Auch Köln zittert Bei Ford sind mehr als 20.000 Jobs in Gefahr

Düsseldorf · Der Autokonzern verdient in Europa praktisch kein Geld mehr – jetzt sind mehr als 20.000 Jobs bedroht. Die IG Metall ist nervös, ein Experte sieht gerade Gefahren für den Standort in der Domstadt.

 Ein Ford-Mitarbeiter arbeitet in Köln an einem Fiesta. (Archiv)

Ein Ford-Mitarbeiter arbeitet in Köln an einem Fiesta. (Archiv)

Foto: dpa/Oliver Berg

Der US-Autokonzern Ford könnte bis zu 24.000 Stellen in Europa streichen.
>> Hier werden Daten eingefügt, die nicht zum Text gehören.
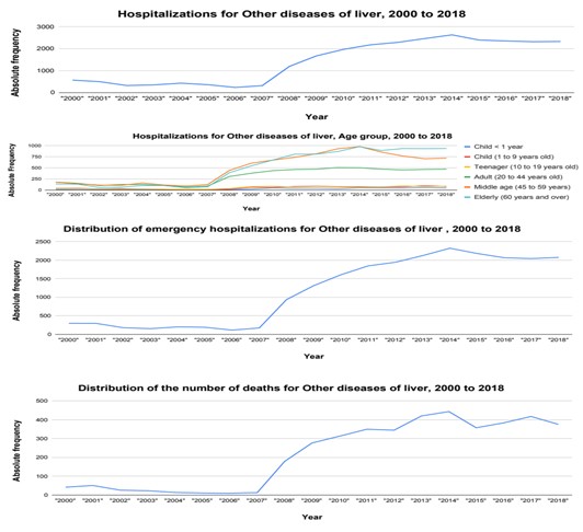 There was a significant increase of 337.34% in the number of hospitalizations of patients diagnosed with Other liver diseases between the periods 2000-2006 and 2007-2013. While in the period 2000-2006, 2769 hospitalizations were recorded, with an average of 395.57 hospitalizations, a variance of 665.95 and a standard deviation of 112.24, of which 1439 (51.96%) were urgent.

Dies berichtet die britische Zeitung „Sunday Times“ unter Verweis auf die Studie einer Bank. Die Europazentrale in Köln bezeichnet den Bericht zwar als Spekulation, erklärt aber, ein Umbau sei geplant, um eine operative Gewinnmarge von sechs Prozent zu erreichen. Im ersten Halbjahr erreichte Ford in Europa mit 54.000 Mitarbeitern aber nur eine Marge von 0,3 Prozent, im zweiten Quartal wurden rote Zahlen geschrieben. „Wir sind extrem unzufrieden“, erklärt Jim Hackett, Vorstandschef von Ford.

„Die US-Zentrale kann die schlechten Zahlen in Europa nicht weiter hinnehmen“, sagt Automobilexperte Stefan Bratzel von der Fachhochschule Bergisch Gladbach.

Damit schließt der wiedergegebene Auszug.